Jamie Mack of the Delaware Division of Public Health alerted residents to a new webpage launched earlier this year: My Healthy Community, which provides a snapshot of health data.
“As we see some of the concerns that the community here has we can adopt that webpage by adding some specific information related to the cancers in the area or some of the other concerns, so we can help the public be more educated on what some of those health effects may be,” said Mr. Mack.

The process will include a study, according to Karl Markiewicz, a toxicologist with the Agency for Toxic Substances and Disease Registry, which is a federal public health agency of the U.S. Department of Health and Human Services.
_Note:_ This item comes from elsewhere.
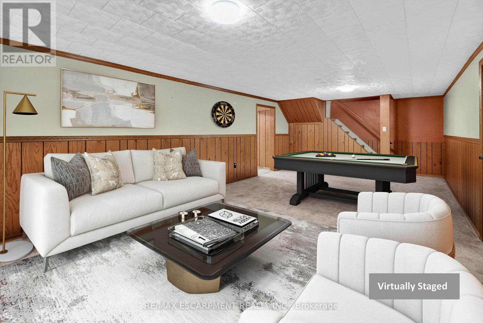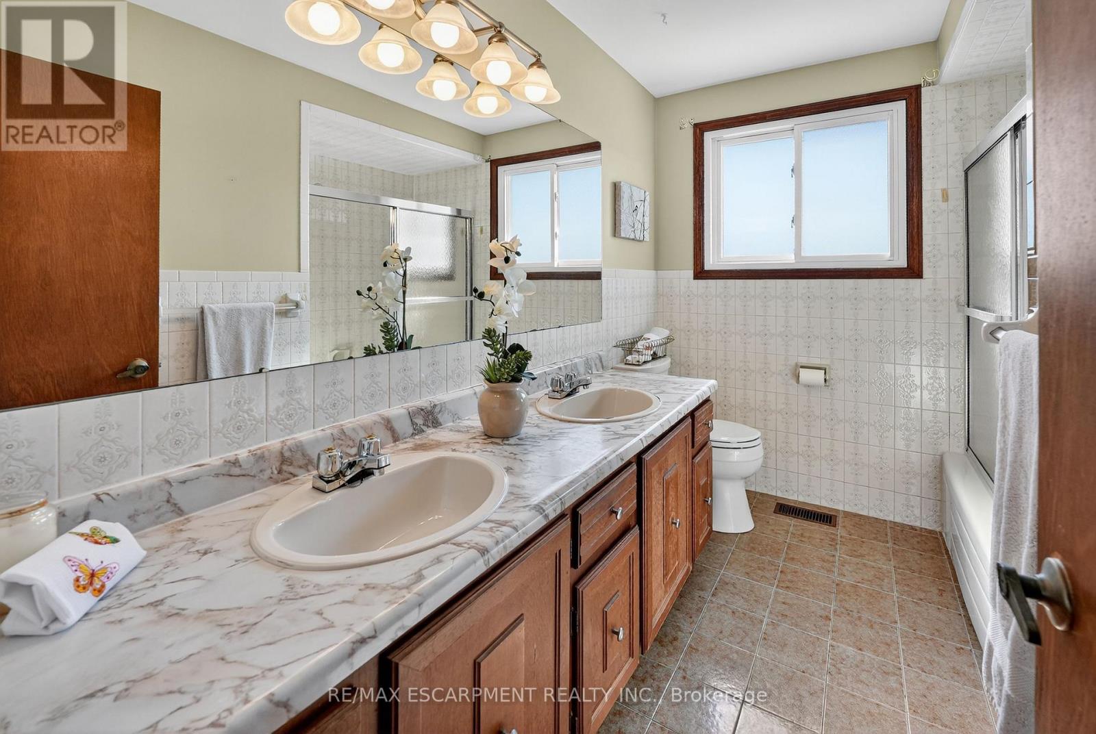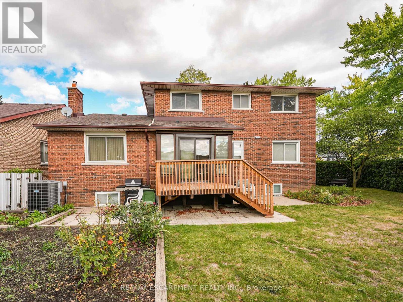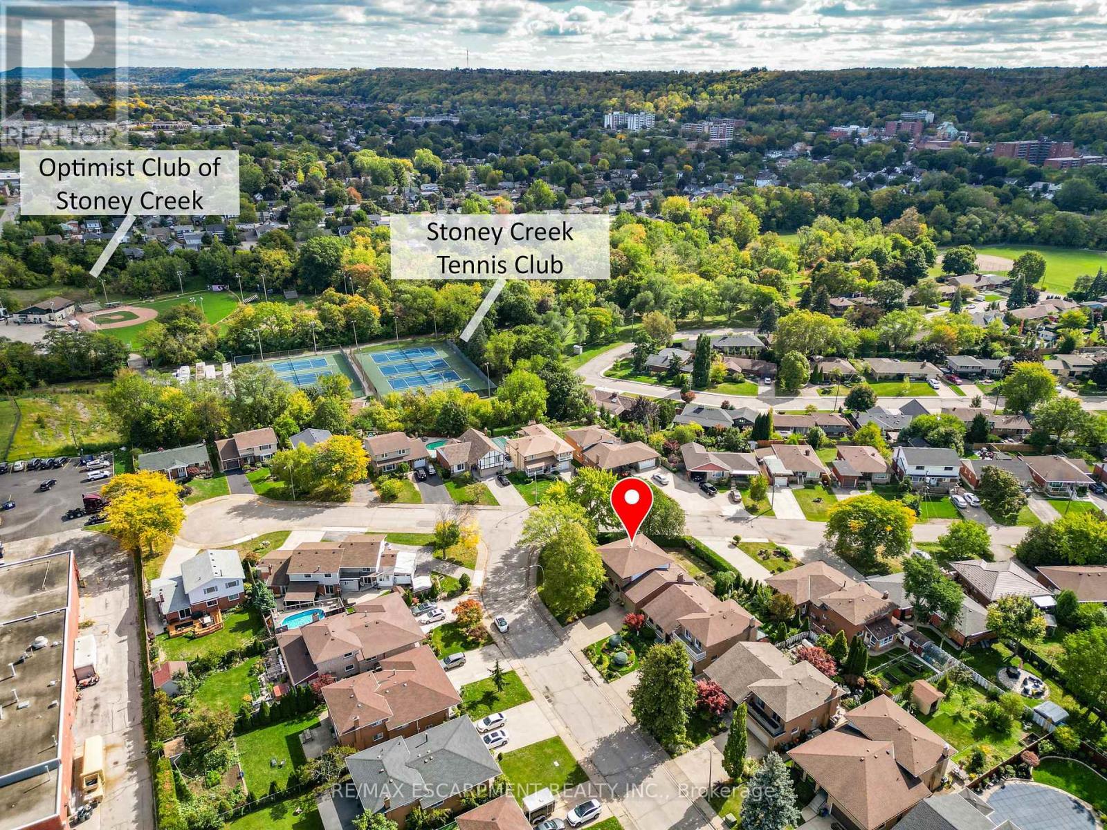 PERFECT FIT FOR FAMILY LIFE....A wonderful blend of warmth & functionality, this brick 2-storey is nestled in a quiet Stoney Creek neighbourhood w/stunning ESCARPMENT VIEWS. Proudly set on a CORNER LOT, the well-maintained property exudes charm inside & out. From the moment you arrive, the covered front porch invites you to sit back & relax. DBL CONCRETE DRIVEWAY provides parking for 4, complemented by an attached 1.5-car garage w/workbench & shelving - perfect for hobbyists or storage. Step inside a bright, welcoming foyer leading to a formal living room that flows seamlessly into the dining room - ideal spot for gatherings & entertaining. The kitchen connects to a SUN-FILLED DINETTE nook w/direct access to back deck & private yard, offering a perfect transition between indoor & outdoor living. The FAMILY ROOM featuring a cozy gas fireplace, and a 3-pc bath, completes the main floor. Upstairs, gleaming hardwood leads to four spacious bedrooms & 5-pc bath. Two bedrooms, incl. primary suite, feature WALKOUTS to a full-width front BALCONY, creating a peaceful retreat. A FULLY FINISHED BASEMENT adds versatility, with large recreation room, games room, cedar storage closet, big laundry/utility room, and spacious cantina w/plenty of shelving. Outside, unwind in the BEAUTIFULLY LANDSCAPED YARD, complete w/perennial gardens, privacy hedge & vegetable garden, all framed by picturesque escarpment views. Walk to charming downtown Stoney Creek w/cafes & restaurants, or Battlefield Park- a National Historical Site. Perfectly situated close to Eastgate Mall, Denningers, public transit, schools, shopping & QEW/Red Hill access PLUS just a 5 min drive to new Confederation GO station, 7 min drive to Confederation Park on Lake Ontario with its sandy beach, waterpark, restaurants & waterfront rec trail. This home offers a lifestyle of comfort and convenience in one of Stoney Creek's most desirable settings. CLICK ON MULTIMEDIA for virtual tour, drone photos, floor plans & more. (id:4555)

“I don’t want any confusion. It’s not a study in a classical sense of the term where we’re going to actually go out and study people,” said Mr. Markiewicz. “What we are going to produce is what we call a public health assessment document, look at environmental data, relevant health outcome data. We look historic exposure, current exposure and future exposure.
“As an example, we know the groundwater was contaminated and people drank it, so ingestion of contaminated groundwater is a completed pathway and we will evaluate that.”

Public comment
EPA is accepting public comment through Jan. 7, 2020.
Online comments can be submitted to: www.regulations.gov (search for “EPA-HQ-OLEM-2019-0484).

Comments by mail should to be sent to: U.S Environmental Protection Agency, EPA Docket Center, Docket # EPA-HQ-OLEM-2019-0484, Mail Code 28221T, 1200 Pennsylvania Avenue NW, Washington, D.C. 20460.